To do = Copy word for word the lines in the records below, starting at the line with "Route entre Merritt et Kelowna" and ending at the line with "(写真3) 仮置きされていたコンテナ". Skip the pictures.

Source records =
== Segment start ==

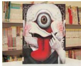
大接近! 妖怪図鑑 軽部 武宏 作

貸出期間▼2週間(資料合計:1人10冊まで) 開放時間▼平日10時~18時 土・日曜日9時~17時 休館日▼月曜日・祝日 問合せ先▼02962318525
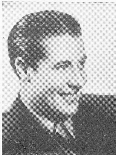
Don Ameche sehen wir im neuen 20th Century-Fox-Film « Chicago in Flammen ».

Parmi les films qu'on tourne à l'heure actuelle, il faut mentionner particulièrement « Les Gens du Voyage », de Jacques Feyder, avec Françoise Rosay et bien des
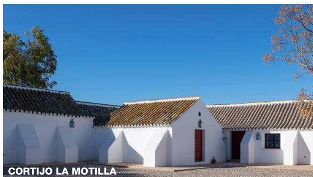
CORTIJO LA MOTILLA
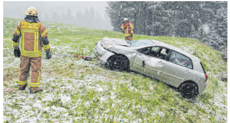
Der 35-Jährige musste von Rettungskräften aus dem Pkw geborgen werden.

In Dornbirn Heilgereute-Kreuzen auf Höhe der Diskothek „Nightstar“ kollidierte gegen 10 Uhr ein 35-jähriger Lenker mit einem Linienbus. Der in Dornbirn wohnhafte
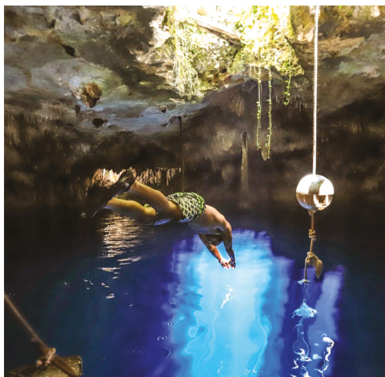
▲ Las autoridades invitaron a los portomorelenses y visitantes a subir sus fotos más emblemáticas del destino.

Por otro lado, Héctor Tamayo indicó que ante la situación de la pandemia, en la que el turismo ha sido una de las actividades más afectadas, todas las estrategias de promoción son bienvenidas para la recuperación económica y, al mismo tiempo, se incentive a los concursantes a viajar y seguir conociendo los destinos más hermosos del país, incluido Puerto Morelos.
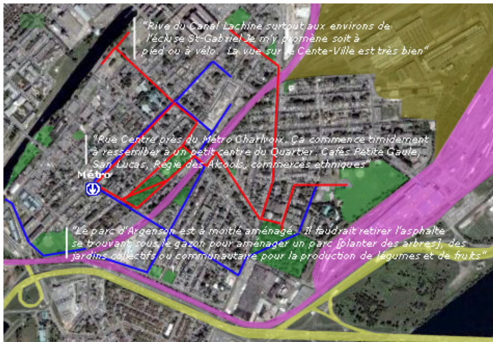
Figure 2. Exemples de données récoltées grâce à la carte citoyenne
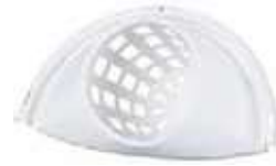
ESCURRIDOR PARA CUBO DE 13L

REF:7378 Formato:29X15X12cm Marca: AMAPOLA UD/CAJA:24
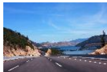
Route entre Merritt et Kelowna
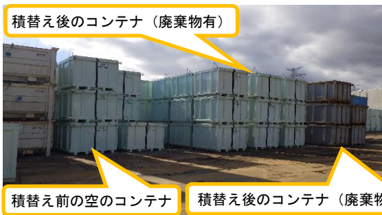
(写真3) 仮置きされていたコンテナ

== Segment end ==
== Segment start ==

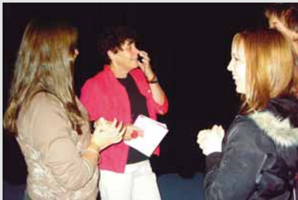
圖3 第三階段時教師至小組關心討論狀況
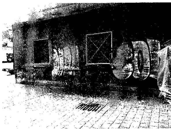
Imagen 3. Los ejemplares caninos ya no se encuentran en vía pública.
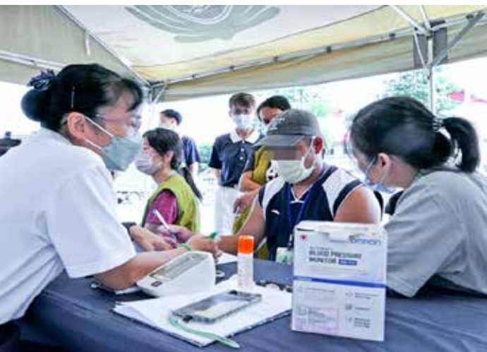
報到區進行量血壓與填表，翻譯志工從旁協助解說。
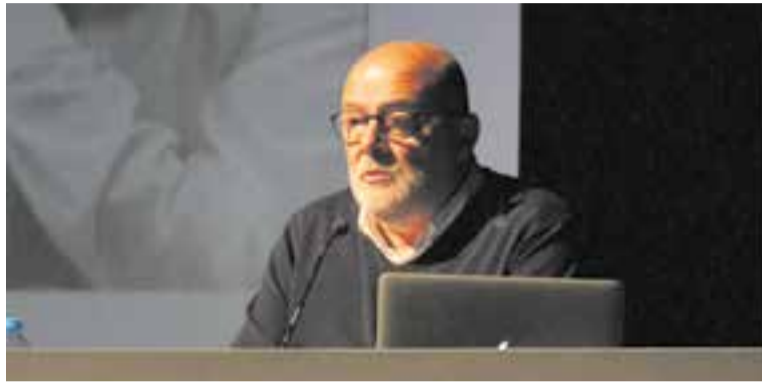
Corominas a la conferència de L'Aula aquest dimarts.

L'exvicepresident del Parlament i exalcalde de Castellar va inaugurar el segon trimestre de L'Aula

== Segment end ==

Worked solution =
Route entre Merritt et Kelowna
(写真3) 仮置きされていたコンテナ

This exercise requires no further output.